__WHAT IS BEING ASKED__. Transcribe each line below verbatim; pictures excluded.

__SOURCE MATERIAL__.
^^^^^^^^

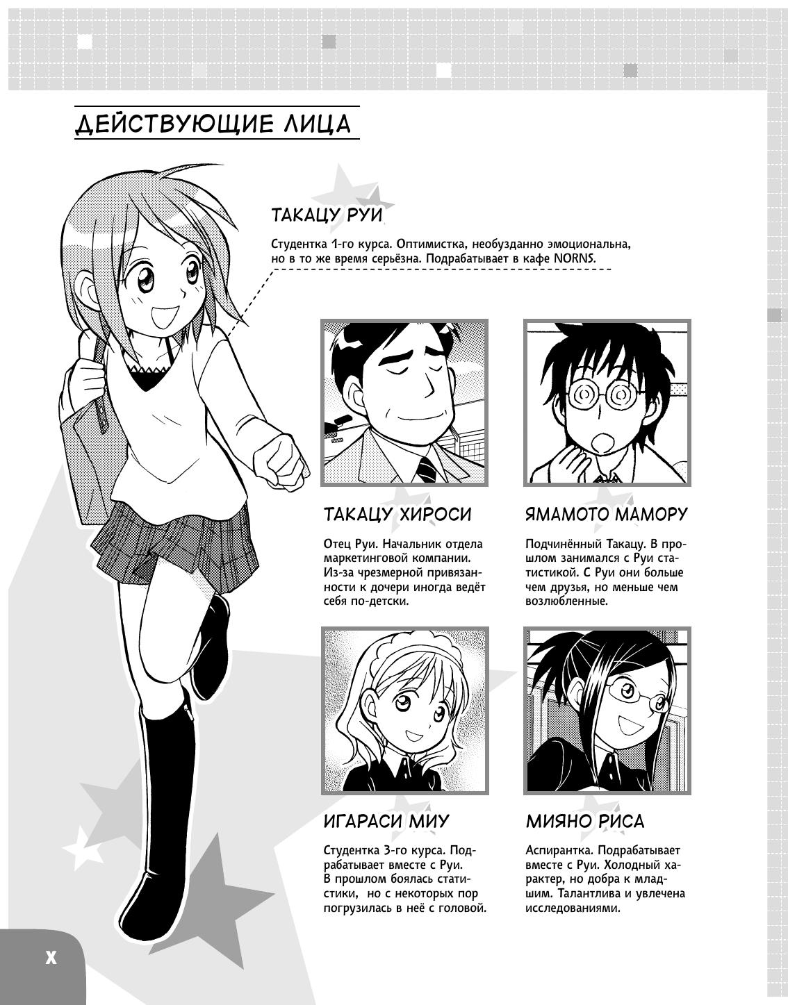 Руи влюблена в Ямамото, работающего в отделе, начальником которого является отец Руи. Но внезапно Ямамото улетает в длительную командировку. Узнав, что его работа в командировке связана с факторным анализом, Руи решает освоить эту науку, чтобы полететь к Ямамото и вместе с ним делать его работу. А помогут ей в этом нелёгком деле её подруги, с которыми она подрабатывает в кафе Norns – аспирантка Риса и студентка Миу. Вмести с ними она узнает, для чего проводят факторный анализ и на конкретном примере освоит методы, применяемые при его проведении. Кроме того она ознакомится с методом главных компонент, который очень похож на факторный анализ, и узнает, в чём его отличие. Если вас интересует, как можно узнать причины (или факторы), побуждающие людей отвечать на вопросы анкет так или иначе, то эта книга для вас.
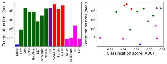 The SURF algorithm [49] builds on top of ReliefF, but, unlike this, eliminates the user parameter k and instead adopts a threshold at a distance T to determine which cases will be considered neighbors. We have used the SURF implementation included in the scikit-rebate package in Python, and available at https://github.com/EpistasisLab/scikit-rebate (accessed on 26 February 2021).
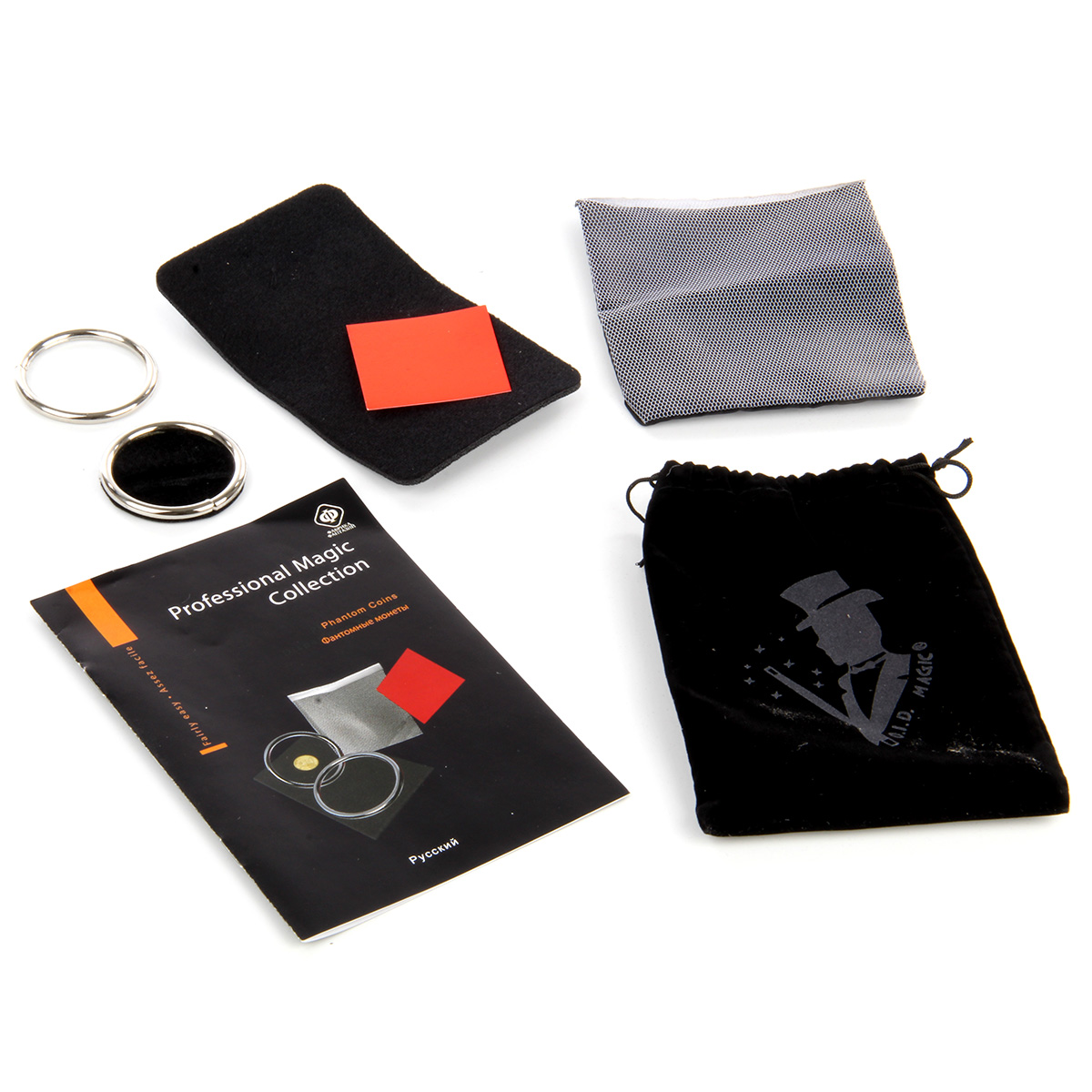 "Описание: Этот набор позволит Вам выполнить четыре сенсационных фокуса. Монета исчезнет из прозрачной сумки, а после появится. Использование двух металлических колец, позволит монете снова исчезнуть, и вновь появиться под стаканом.Состав набора: 2 кольца, бархатный коврик, мешочек, красный бумажный квадрат, бархатный мешочек, диск, инструкцияРазмер упаковки: 15,7х5х15,7 см" Видео:

^^^^^^^^

__SOLUTION__.
 Руи влюблена в Ямамото, работающего в отделе, начальником которого является отец Руи. Но внезапно Ямамото улетает в длительную командировку. Узнав, что его работа в командировке связана с факторным анализом, Руи решает освоить эту науку, чтобы полететь к Ямамото и вместе с ним делать его работу. А помогут ей в этом нелёгком деле её подруги, с которыми она подрабатывает в кафе Norns – аспирантка Риса и студентка Миу. Вмести с ними она узнает, для чего проводят факторный анализ и на конкретном примере освоит методы, применяемые при его проведении. Кроме того она ознакомится с методом главных компонент, который очень похож на факторный анализ, и узнает, в чём его отличие. Если вас интересует, как можно узнать причины (или факторы), побуждающие людей отвечать на вопросы анкет так или иначе, то эта книга для вас.
 The SURF algorithm [49] builds on top of ReliefF, but, unlike this, eliminates the user parameter k and instead adopts a threshold at a distance T to determine which cases will be considered neighbors. We have used the SURF implementation included in the scikit-rebate package in Python, and available at https://github.com/EpistasisLab/scikit-rebate (accessed on 26 February 2021).
 "Описание: Этот набор позволит Вам выполнить четыре сенсационных фокуса. Монета исчезнет из прозрачной сумки, а после появится. Использование двух металлических колец, позволит монете снова исчезнуть, и вновь появиться под стаканом.Состав набора: 2 кольца, бархатный коврик, мешочек, красный бумажный квадрат, бархатный мешочек, диск, инструкцияРазмер упаковки: 15,7х5х15,7 см" Видео:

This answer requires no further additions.